Pola bedhaya Ketawang berhubungan dengan astronomi, yaitu mengikuti pola perbintangan
(rasi bintang) yang dikenal dan dianut masyarakat Jawa untuk keperluan sehari-hari
(menentukan musim, bertani, dan sebagainya). Beberapa pola rasi bintang yang digunakan
adalah gubug penceng dan waluku.

Busana dalam tari bedhaya ketawang menggunakan dhodhot ageng pengantin Jawa yang
disebut basahan. Menggunakan gelung bokor mengkurep yang berukuran lebih besar daripada
gaya Yogyakarta. Penyajian tari tersebut diawali dari pembukaan (15 menit), bagian inti (60
menit), dan penutup (15 menit). Pertama bagian pembukaan, menceritakan kala Kanjeng Ratu
Kidul keluar dari istana dan bertemu Panembahan Senopati, yang memintanya membantu
kerajaan yang kalut. Ia mau membantu dengan syarat Senopati harus menjadi suaminya. Kedua
bagian inti, menceritakan adegan percintaan Penembahan Senopati dan Ratu Kidul, yang
sempat mengabaikan negeri walau akhirnya diingatkan Ki Juru Martani (penasihat kerajaan)
untuk kembali ke Mataram. Ketiga bagian penutup, menceritakan tangisan atas kerinduan
mendalam dan ungkapan cinta Kanjeng Ratu Kidul, yang bersumpah tidak akan mencari laki-laki
lain, kecuali Raja Mataram. Dia juga berjanji mengabdi dan menjadi istri Raja Mataram hingga
turun-temurun, hingga kini.

Bedhaya ketawang tidak menggunakan iringan gamelan lengkap. Instrumen yang digunakan
hanya kethuk, kenong, kendhang ageng, ketipung, dan kemanak. Gerongan ketawang ageng
menjadi bagian pokok dalam pengiring. Gerongan ini disajikan secara koor (dibawakan oleh
lebih dari satu sindhen dan dinyanyikan bersama-sama). Ada satu instrumen unik yang
mendapat perhatian khusus, yaitu kemanak. Kemanak adalah instrumen yan berbentuk seperti
pisang, tetapi berlubang bagian tengahnya (bayangkan lobang pada kenthongan), berjumlah
sepasang. Dimainkan dengan cara dipukul secara bergantian. Suasana yang ditimbulkan oleh
perpaduan antara kemanak dan gerongan berkesan tintrim, wingit, dan angker. Walaupun
instrumen pengiring bedhaya Ketawang sederhana, namun tidak mudah untuk dimainkan.

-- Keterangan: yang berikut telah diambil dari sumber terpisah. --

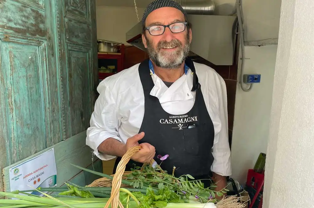 Das kleine Restaurant Casamagni im Herzen Villatallas in Ligurien bietet einen herrlichen Meerblick. Hier kommt vieles auf den Tisch, was die Betreiber selbst anbauen: Olivenöl, Obst und Gemüse der Saison, Kräuter und essbare Blüten – alles biologische. Der Honig, der Käse und manchmal auch Wild kommen aus den Bergen oberhalb von Villatalla.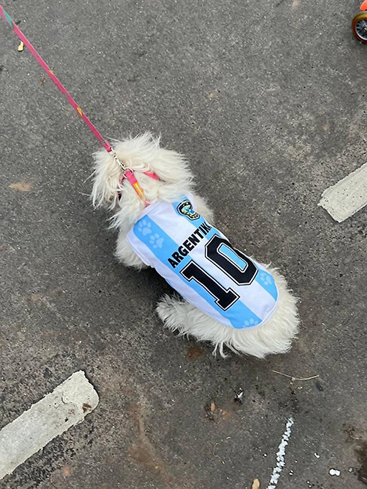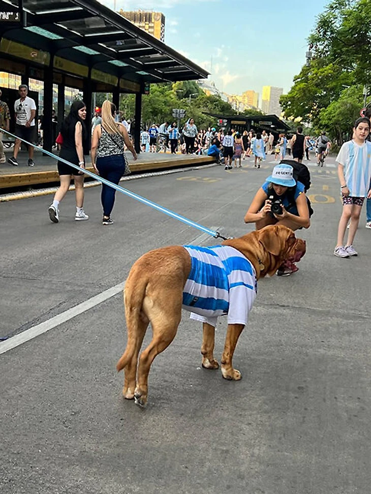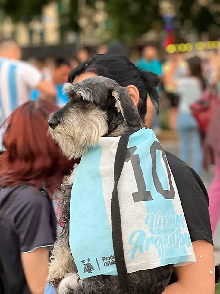 Да, люди выгуливают собак, а на них футболки с десяткой на спине. Обычный день в Буэнос-Айресе.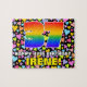 Este design de quebra-cabeça de jardim vívido e vibrante aniversário, chamado jigserra, apresenta um grande número "37" com um padrão de gradação inspirado no espectro multicolorido do arco-íris, juntamente com a mensagem "37º ANIVERSÁRIO", e um nome de destinatário personalizado. O fundo apresenta um padrão alegre de corações amorosos com várias cores e tamanhos. Um quebra-cabeça de aniversário ousado e editável como este poderia ser usado para celebrar o trinta e sétimo aniversário de alguém. [~Z0000611]
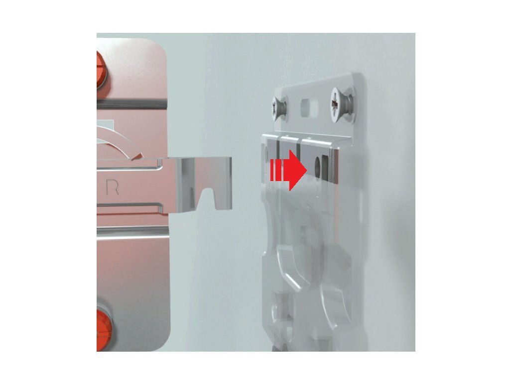 Při instalaci je nutné použít závěsnou lištu nebo závěsný plech se systémem 3D SECURE,díky kterému docílíte bezpečnostího zavěšení.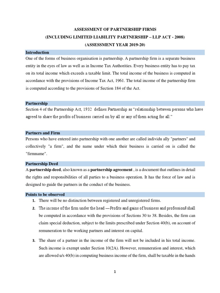 ASSESSMENT OF PARTNERSHIP FIRMS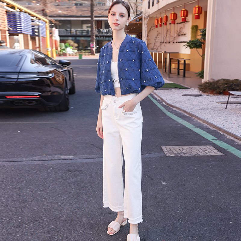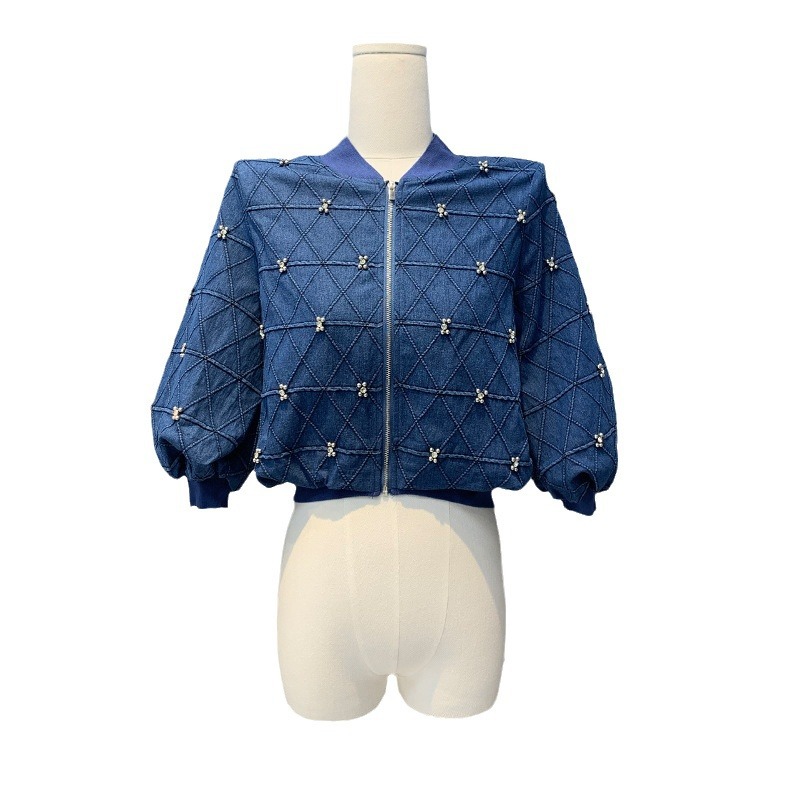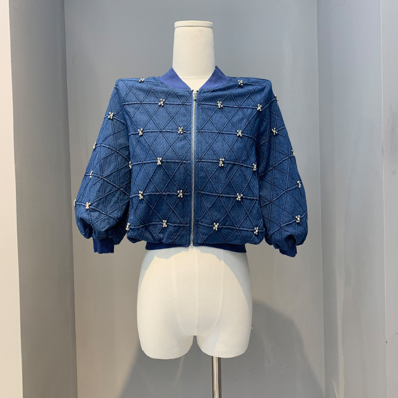 Spring 2024 Nanyou women's clothing ten or three lines high-grade popular baseball collar heavy industry rhombus Denim short coat top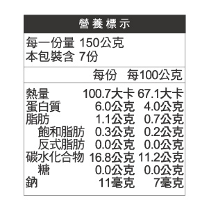 • 本產品純天然無調味,所含之鈉含量皆來自食材本身,敬請安心食用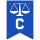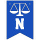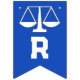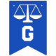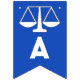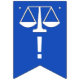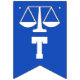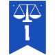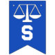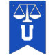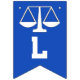 Graduación de la facultad de derecho felicitaciones a la decoración fiesta, con escalas de justicia de fondo azul.

Permainan keseluruhan instrumen membutuhkan konsentrasi tinggi. Hal ini disebabkan karena
permainan gendhing ini berkesan monoton meskipun ada perubahan irama dari lambat menuju
cepat, sehingga menyebabkan para pengrawit mengantuk dan akibatnya akan mengacaukan
permainan gendhing tersebut.

Demikianlah salah satu kekayaan tarian di Indonesia khususnya di Jawa. Mengenai


kepercayaan-kepercayaan yang ada dalam tarian itu tergantung dari pembaca semua boleh
percaya atau tidak. Yang pasti itulah salah satu khasanah budaya yang harus kita jaga bersama
agar tidak sampai punah atau ditinggalkan oleh generasi penerus.